====== Material for the task ======

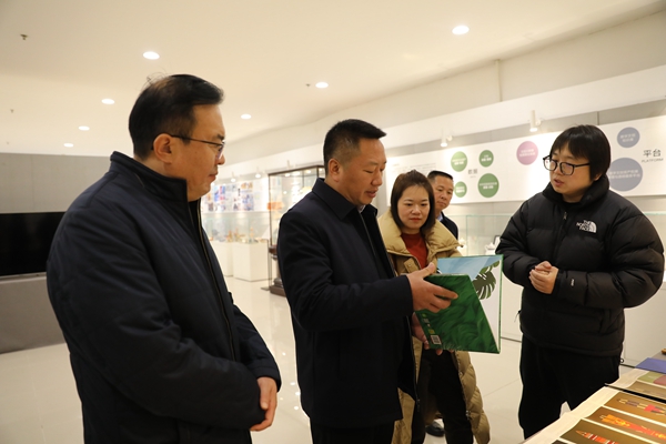 在校期间,田兴国一行观看了学校宣传片,实地走访了学校生物技术与资源利用教育部重点实验室、文冠果产业国家创新联盟和设计学院教学成果展。
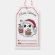 A delightful Christmas tag showcases a cheerful ghost wearing a Santa hat. It holds a cup of hot cocoa and a gingerbread house, perfect for holiday gifting.
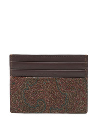 Pegaso-embroidered cardholder Highlights - Chocolate brown/multicolour - Cotton blend - Calf leather - Textured finish - Paisley print - Signature pegaso motif - Five card slots - Internal slip pocket - Debossed logo to the rear Made in Italy Composition Outer: PVC 100%, Calf Leather 100%, Cotton 76%, Polyester 24% Lining: Nylon 100% SIZE & FIT Measurement LENGTH 3.93 in(10 cm) WIDTH 3.14 in(8 cm)
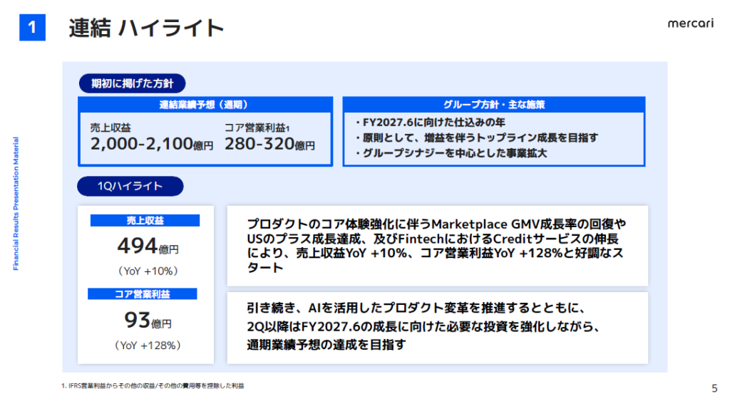あわせて、メルカリは2027年6月期を見据えた中期方針として掲げている「売上収益の年平均成長率2桁成長」「コア営業利益の年平均成長率25%以上」という目標を維持しつつ、今後もプロダクトのコア体験強化と成長投資を進める方針です。
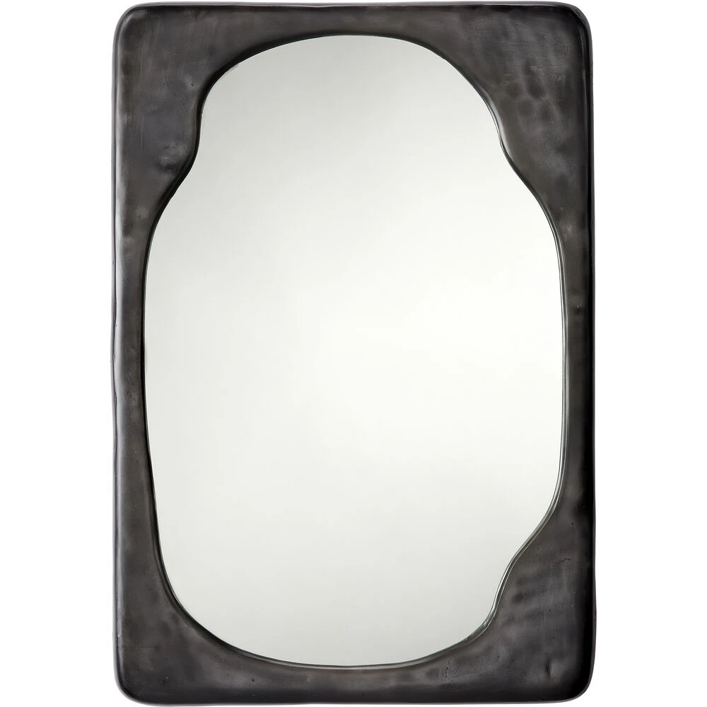 Undeniably organic in nature, the free-flowing lines of this wall mirror stoke memories of rain on city streets and of the unique shapes formed from flowing drops of molten metal. Each is expertly artisan crafted of iron with an antiqued silver finish. Bold, beautiful, and very modern, the rectangular mirror can be hung horizontally or vertically and can anchor an entire room.
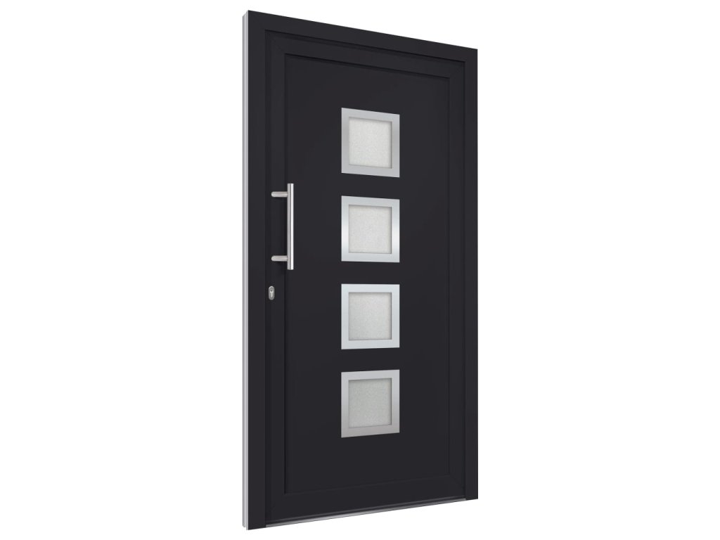 Naše vchodové dveře disponují kvalitním rámem i výplní, hliníkovým prahem, 3D nastavitelnými panty (každé dveře mají 3 panty), zámkem s 5 hřibovými stavítky, izolačním zasklením a 1,2mm ocelovou výztuhou. Hliníkové dveře na vás rovněž udělají dojem svou robustní jakostí a pohodlným zamykáním.
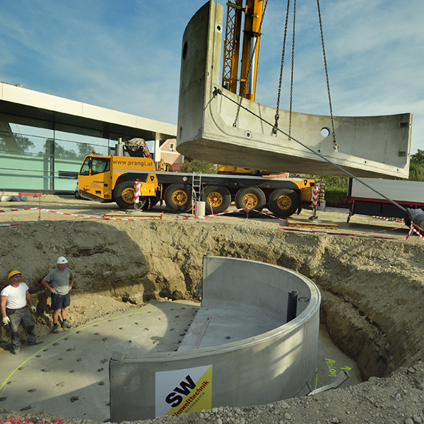 Zur Oberflächenentwässerung des Parkplatzes beim Neubau des SPAR-Marktes in Aschach an der Donau wurde ein Retentionsbecken mit einem Gesamtvolumen von 36 m3 des Typs SW-AQUAstore und ein Verkehrsflächensicherungsschacht versetzt. Diese baulichen Maßnahmen sorgen dafür, dass überschüssiges Oberflächenwasser gesammelt und gereinigt wird und Überflutungen im Parkplatzbereich vermieden werden.
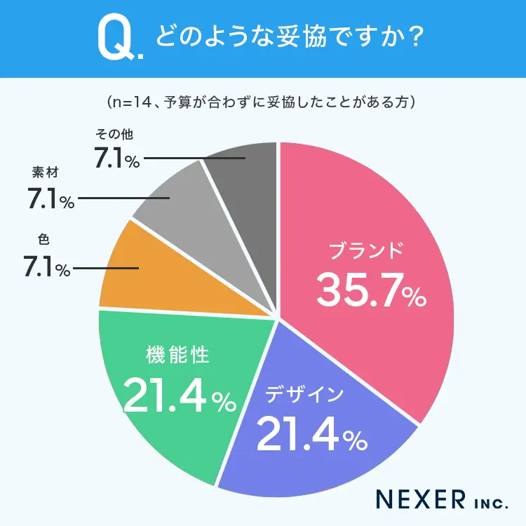 妥協したポイントで最も多かったのは「ブランド(有名ブランドを避けた)」。その他「デザイン」や「機能性」を諦めたケースもありました。
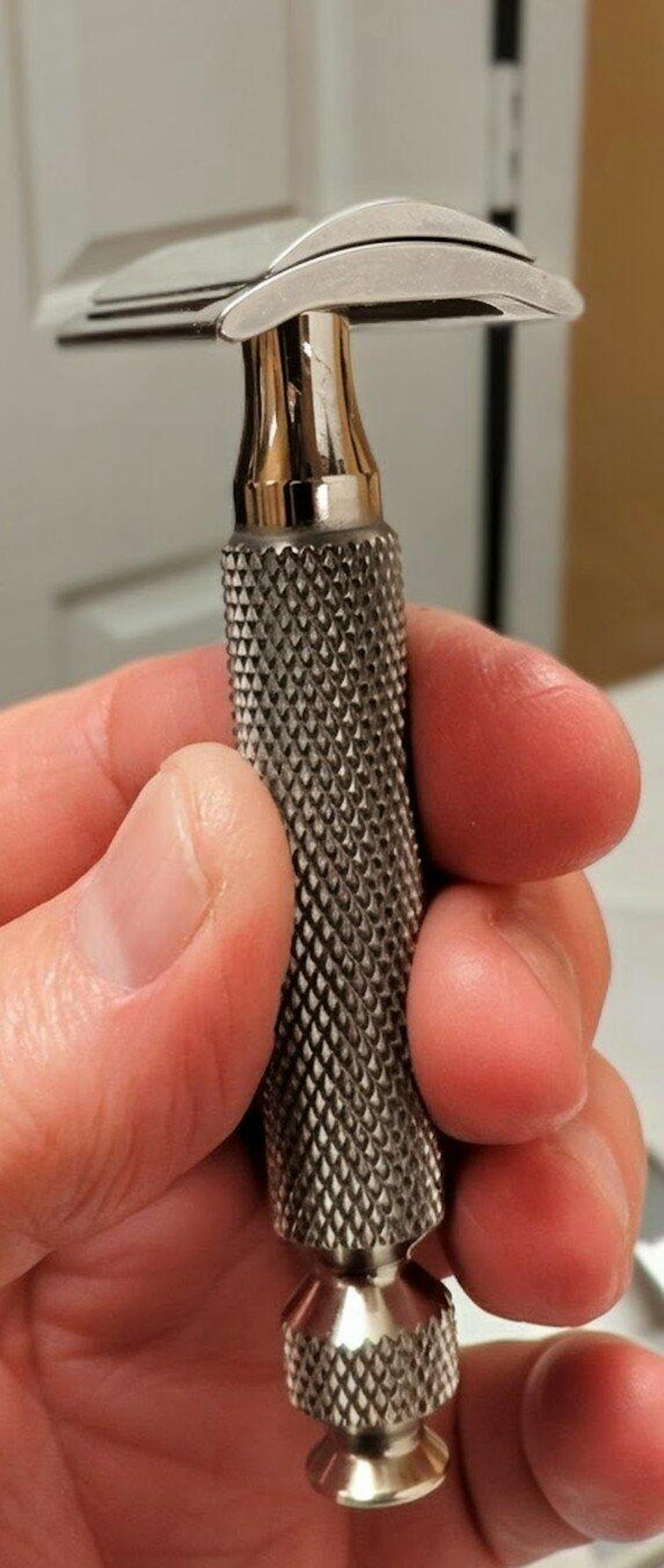 Finish: Please note, these razors are tools, not jewels. We use a vibratory tumbling finish process which maintains the highest possible tolerances for the razors. This means the razors will not be mirror finished and will not be mark-free. The razors may have some milling marks or finishing marks. The razors can always be jewelry polished by the client later but our goal is to sell the razor at the best possible tolerances and lowest possible price. The metal-on-metal contact from the handle locking against the base-plate will create a ring mark on the base. It's common for handles to have micro dents from the tumbled finish.
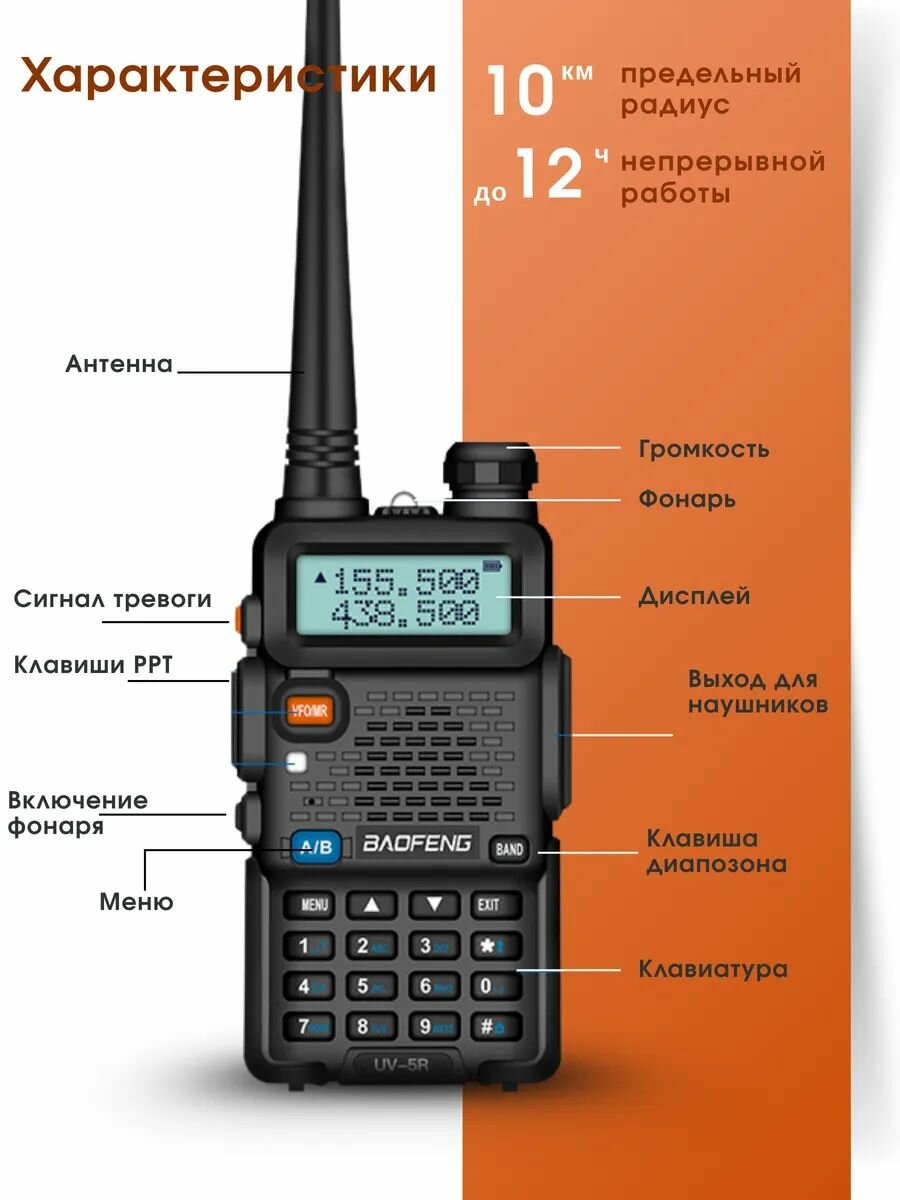 Рация Baofeng UV-5R, ЖК-дисплей, двухдиапазонная, до 16 ч автономной работы: сравнение цен, характеристики, фото, актуальное наличие и цены.

======

## Work to complete
Everything from the line with "A delightful Christmas" through the line with "Pegaso-embroidered cardholder Highlights" in the material above should be transcribed exactly, except the pictures.

## Exercise output
 A delightful Christmas tag showcases a cheerful ghost wearing a Santa hat. It holds a cup of hot cocoa and a gingerbread house, perfect for holiday gifting.
 Pegaso-embroidered cardholder Highlights - Chocolate brown/multicolour - Cotton blend - Calf leather - Textured finish - Paisley print - Signature pegaso motif - Five card slots - Internal slip pocket - Debossed logo to the rear Made in Italy Composition Outer: PVC 100%, Calf Leather 100%, Cotton 76%, Polyester 24% Lining: Nylon 100% SIZE & FIT Measurement LENGTH 3.93 in(10 cm) WIDTH 3.14 in(8 cm)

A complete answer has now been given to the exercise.